The problem here is related to inter-operation with existing (Intel and gcc) compilers, and backwards binary compatibility.
As Hal pointed out, if you intend ever to mix code compiled by multiple, different, OpenMP compilers into the same process, even if they all use an ABI to the runtime that it supports (remember that the LLVM runtime supports both the LLVM and libgomp interfaces), you must ensure that there is only one copy of the runtime (dynamically) linked into the process. This is because (unlike most libraries) the runtime contains state (for instance, the thread pool), therefore if you have multiple instances even of the identical runtime linked into the process, bad things will happen. (Over-subscription and associated poor performance, critical sections not providing mutual exclusion, …). This is why we don’t normally provide a static library; it tempts people into building their own dynamic libraries that include a static copy of the OpenMP runtime, then when their DLL is linked into an OpenMP program you instantly have two copies of the runtime and a hard to diagnose disaster.

The problem this causes is that unless there is an agreed name for the runtime, the dynamic linker will load it twice if it is demanded under different names. (On Linux, you can use soname to help here, but doesn’t completely solve the problem).

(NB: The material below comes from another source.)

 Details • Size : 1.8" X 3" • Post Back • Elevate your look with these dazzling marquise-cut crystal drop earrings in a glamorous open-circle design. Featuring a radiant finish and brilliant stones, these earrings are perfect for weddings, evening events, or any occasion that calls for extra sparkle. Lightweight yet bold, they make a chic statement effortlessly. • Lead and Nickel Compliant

Therefore, if we do not want to make it unnecessarily hard for people who use Clang/OpenMP on X86 to link against libraries (such as Intel MKL) which use OpenMP and were compiled with a different compiler, it is helpful to use the same file name for the runtime library no matter which compiler generated the code.

Since there are many libraries and executables which have already been built by the Intel compiler, so already have the library name built into them (in the DT_NEEDED ELF tag, or equivalent), changing the library name does not come for free.

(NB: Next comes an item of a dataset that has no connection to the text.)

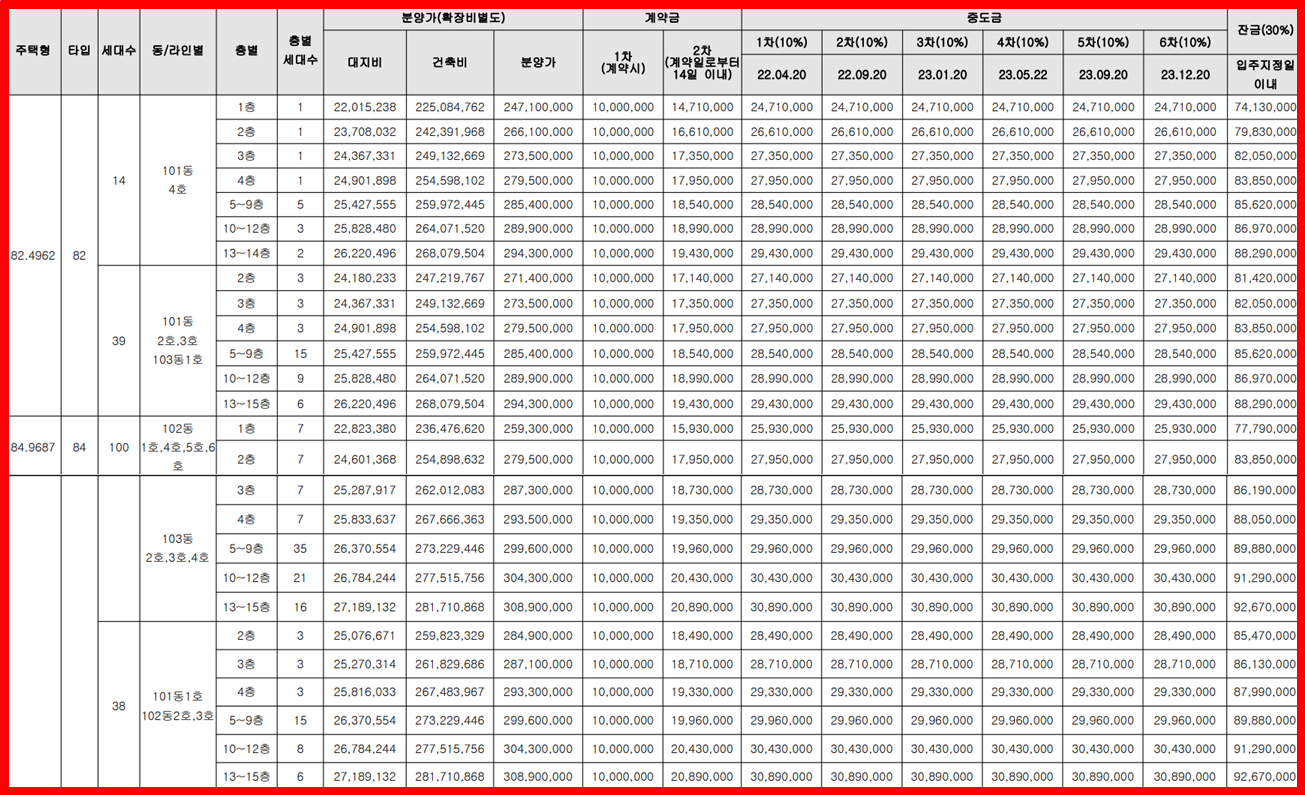 82㎡(53세대) 2억 4710만 원 ~ 2억 9430만 원

I am therefore loath to change the library name simply for political/publicity reasons when that will cause unnecessary additional complexity to the users of one of our main target platforms. (Before anyone else says it, yes, of course X86 is the platform I care most about, but the issue isn’t about compiler competition, but about making things easy for the users of LLVM/OpenMP so that things they expect will work do “just work” rather than adding extra complexity and more manuals to explain what has to be done to make them work. Like moving into your partner’s appartment, you’re welll advised not to move all the furniture around immediately ☺).

 Just some bikeshed-painting: if we're expecting each compiler that
 uses the library to distribute a separate copy as part of that
 compiler's runtime, then I think the best name for clang to use for
 the library would probably be libclang_rt.omp-<arch> or
 libclang_rt.openmp-<arch> (as we do for all our other runtime
 libraries).
Aside from the argument above that we shouldn’t change the name (at least on X86), note that if Hal’s efforts on Flang work out, we’ll also have a Fortran/OpenMP implementation that will use the same runtime library. Therefore putting “clang” into the name seems short-sighted.

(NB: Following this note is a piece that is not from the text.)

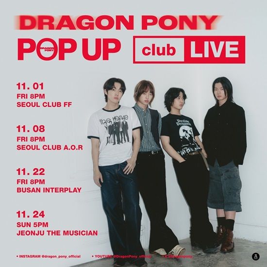 드래곤포니(안태규, 편성현, 권세혁, 고강훈)는 1일 서울 마포구 CLUB FF에서 첫 클럽 투어 'Dragon Pony POP-UP club LIVE'의 포문을 연다.

If we expect this to be installed somewhere central on
 the system and shared by different compilers and different versions
 of the same compiler, then libllomp or similar seems reasonable to
 me. What's the intended distribution model here?
Whether OS vendors choose to install the runtime in a standard place (like /usr/lib64) is not something we can control. (Though doing so is a reasonable thing to do).

How stable is the ABI?
Stable; we add new interfaces when required by the evolution of the OpenMP language specification, but maintain backwards compatibility, so code compiled by older compilers can be run against newer runtime libraries.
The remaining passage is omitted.